Saturday, July 25, 2009

Lamanai

Lindsey and I decided last weekend to head up to Orange Walk District to visit Lamanai, a former Mayan civilization site, one of the 13 Mayan ruins in Belize. Occupied from at least 15 centuries prior to the Common Era, it also was home to Spanish and English settlers. Our tour guide said that even though archeologists have been working steadily there since the 1970s, it is estimated that they will need 800 years to fully uncover all that Lamanai has to offer. So far they have uncovered several temples, a ball court and some royal bedrooms. It is also home to a crew of howling monkeys that sound eerily like the dinosaurs from Jurassic Park.
Lindsey and I climbed up one of the temples, practically on our hands and knees on the way up and butt-scooting on the way down. Gravity was not going to take us down. After we had climbed back down, our guide admitted that someone had fallen to their death on another of the temples. I am very glad I learned that afterwards because I would not have climbed up otherwise. My legs are still in pain so I am fairly certain that Mayans had some wicked strong thighs. If you look at the picture on the right, the purple person is Lindsey on her way down.

Lamanai means Submerged Crocodile in Mayan so we were on the lookout during our river tour; however, we only saw two. I am assuming that all the tourism has pushed them away from the main canals. The one I took a picture was being fed by a local restaurant and could easily have been 10 feet long. But it had no teeth and was probably 65 years old so it was less scary and more sad. We also saw some other kind of monkey (non-howler monkey?) that we fed bananas. One of them grabbed the banana then wrapped his tail around a branch and hung upside down while eating, staring at us the entire time.
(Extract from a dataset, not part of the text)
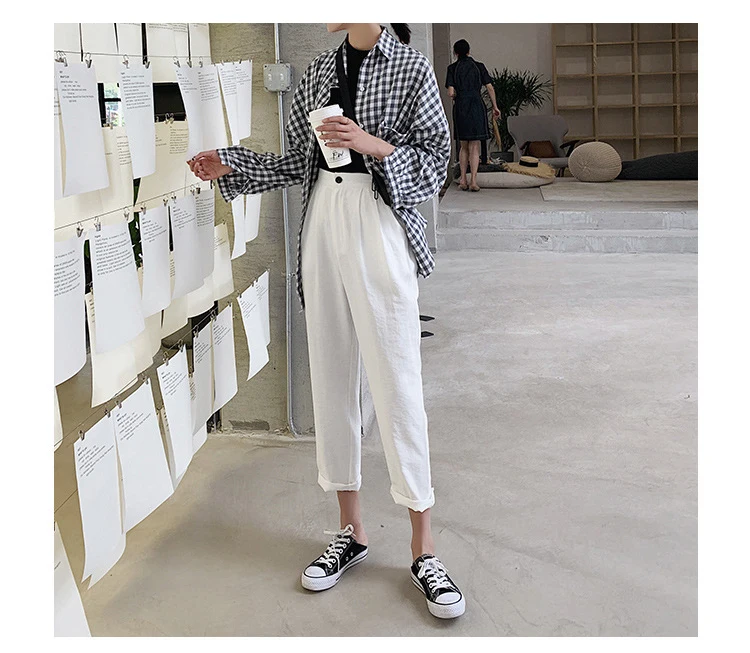 Широкие штаны 2018 мода лето Для женщин Высокая Талия плед свободные элегантные

This was my last trip anywhere before I take the big one home in 9 days. All that is left on my plate is my final deliverables. Wish me luck!

Monday, July 20, 2009

Unexpected Beauty

My final week in Dangriga was hugely successful. I was able to meet with a number of women, some more opinionated than others. Some who not only provided commentary on their communities but had ideas on how to serve their neighbors, friends and families. The highlight of the week was actually outside of my project. Thanks to Peacework dude, Jeff, and his friend, Tiger, I was invited to attend a traditional Garifuna ceremony that honors their ancestors. It’s similar to my idea of Halloween, respecting and honoring the dead. We came to the Garifuna temple which was inside a house-sized wooden building with large windows all around as well as a single door. There was a crowd outside, looking in while inside there were a number of people, dressed in colorful checkered clothes, with their heads covered. The inside crowd faces three drummers and a single man with a mariachi shaker. The crowd shifts through dance to each cardinal direction and the drummers and shaker bend to the ground, as if they are playing to those below. The ritual takes about 45 minutes. Apparently they do this all day every day for a week. At some point, they also either kill a set of roosters and either bury them whole or just the blood. These roosters have to have some black feathers which corresponds to the fact that no one participating or watching can wear black. I don’t think I am describing it very well but I didn’t take pictures out of respect. I can only say, it was a beautiful experience and I am glad I got to share with Jeff and another new friend, William James.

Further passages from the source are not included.